All of the data below should be set down again verbatim, without any images.

Data section:
□ □ □ □ □ □ □

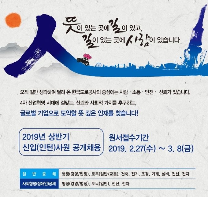 [시사뉴스 김성훈 기자] 한국도로공사의 2019년 상반기 신입(인턴)사원 공개채용 필기 응시대상자가 18일 한국도로공사 채용 홈페이지를 통해 공고됐다.
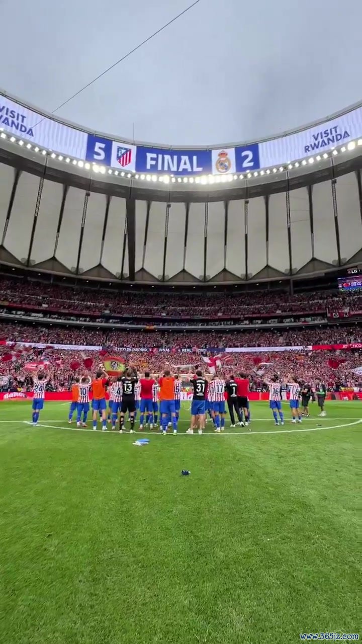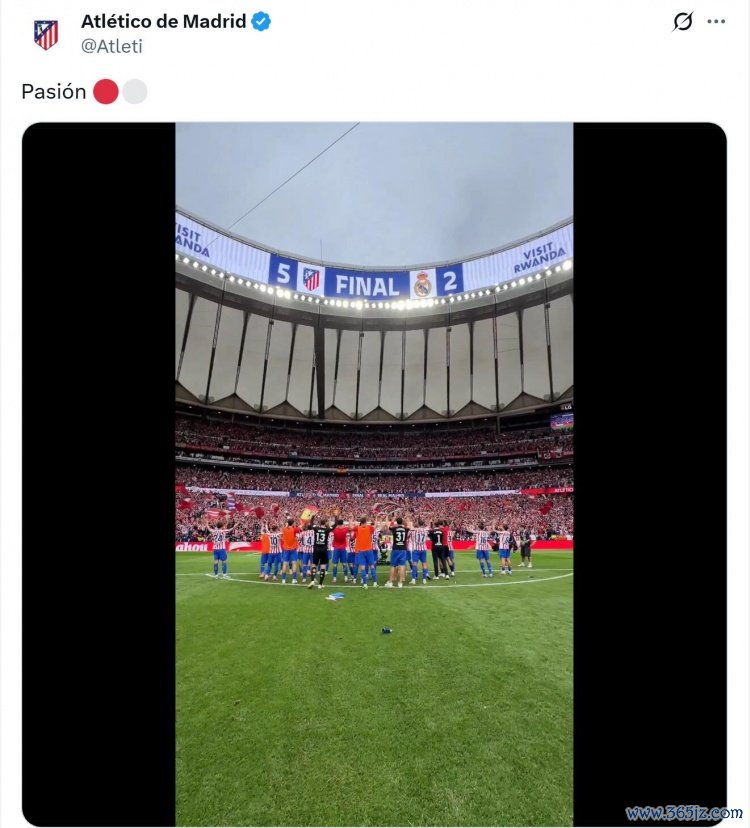 赛后马竞官推放出该队在这场赛事 后庆祝获胜 的视频, 排球资讯配文:热血 !
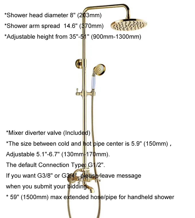 Luxury Golden Bathroom Shower Mixer Taps Wall 8" Rainfall Bath Shower Faucet Set W/ Handshower Tub

□ □ □ □ □ □ □

Response below:
 [시사뉴스 김성훈 기자] 한국도로공사의 2019년 상반기 신입(인턴)사원 공개채용 필기 응시대상자가 18일 한국도로공사 채용 홈페이지를 통해 공고됐다.
 赛后马竞官推放出该队在这场赛事 后庆祝获胜 的视频, 排球资讯配文:热血 !
 Luxury Golden Bathroom Shower Mixer Taps Wall 8" Rainfall Bath Shower Faucet Set W/ Handshower Tub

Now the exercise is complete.